Running Wicked Engine yourself means taking on full responsibility for the infrastructure and build pipeline. The engine has no server-side component, no telemetry, and no cloud dependency — it is a local C++ library and editor. You will need to maintain your own build toolchain (MSVC on Windows, g++/clang on Linux, Xcode on macOS), keep shaders recompiled as the HLSL sources evolve, and manage platform SDK updates (DX12 Agility SDK, Vulkan SDK, Metal). Console support for Xbox and PlayStation requires acquiring the platform-specific extension files from the console vendor directly, as those are not included in the public repository. The community is active on Discord and GitHub Issues, and the project ships monthly releases, so staying on a recent version requires periodic integration work.

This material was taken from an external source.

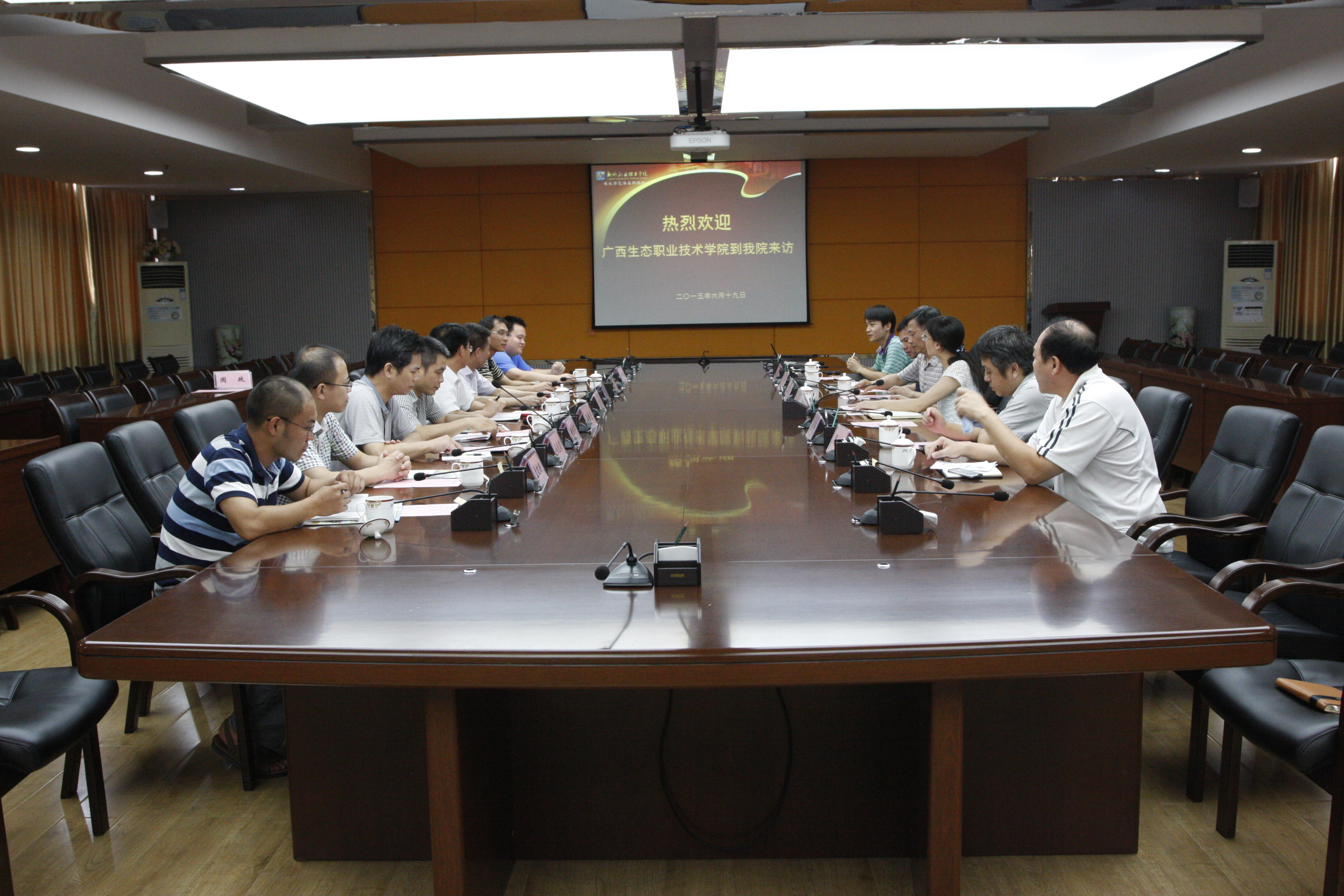 新闻网消息(通讯员/教务与实训管理处 刘晶)6月19日,由广西生态职业技术学院教务处处长苏付保及该校教务处、汽车与信息工程系、高教研究室、生态工程系、经济贸易系、建筑工程系、园林系、艺术系、旅游系等相关部门负责人组成的参访团到我院交流。学院教务与实训管理处、继续教育中心(校企合作处)、机电工程系、汽车工程系、电子信息工程系等部门相关人员,重点就学院校企合作共建实训基地、实训基地规划化管理、实训室建设等等方面工作与来宾进行了座谈交流。

Because Wicked Engine has no hosted or managed commercial tier, there is no SaaS alternative with an SLA, managed updates, or enterprise support contract. What you trade for the zero-cost MIT license is the absence of commercial support, guaranteed uptime for any cloud features, or a dedicated customer success team. For teams evaluating it against commercial engines like Unity or Unreal Engine, the trade-off is maximum licensing freedom and full source access at the cost of self-managed infrastructure, no marketplace, and a smaller contributor community than the large commercial engines provide.